Kirkus Reviews QR Code
NAP TIME: The True Story of Sexual Abuse at a Suburban Day Care Center by Lisa Manshel

NAP TIME: The True Story of Sexual Abuse at a Suburban Day Care Center

By

Pub Date: Jan. 15th, 1989
Publisher: Morrow

In her first book, Manshel focuses on the investigation and trial of a day-care center teacher convicted of sexual abuse of numerous very young children. Missing--and needed--are the insights of a Capote or a Mailer into the background and character of 23-year-old Mary Kelly Michaels, into the dark forces that--among even worse abominations--impelled her to insert knives into children's private parts. Despite this lack, however, and despite Manshel's penchant for peripheral details (e.g., the disruptive high jinks of a disturbed alternate juror), this is a competent, often gripping, work of reportage.
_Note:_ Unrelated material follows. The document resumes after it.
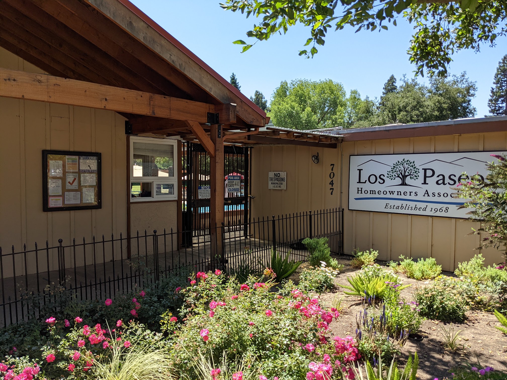 Los Paseos Homeowners Association, located at 7047 Vía Ramada, San Jose, CA 95139, is a residential community association responsible for managing common areas and amenities for its residents. These amenities typically include a swimming pool, spa, tennis courts, basketball court, and a clubhouse, fostering a community-oriented living environment.

The investigation began with a single report to New Jersey's Division of Youth and Family Services that a teacher at Maplewood's Wee Care Nursery may have, against regulations, used an anal thermometer on a young boy. It eventually turned up the likely abuse of 51 children, primarily during nap periods. Despite precautions on the part of investigators, the children were traumatized all over again by their reluctant revelations: Kelly had reportedly said she would kill them or their parents if they talked. Manshel's rendition of the televised courtroom testimony of 20 of the squirming children as they reluctantly repeated--or refused to repeat--what they had told the investigators graphically demonstrates the difficulties and dangers of subjecting suggestible and inarticulate children to standard courtroom procedure. A cautionary real-life horror tale, told well enough to make the blood run cold. (For another account of the case, by a mother of one of the involved children, see Crowley's Not My Child, reviewed above.)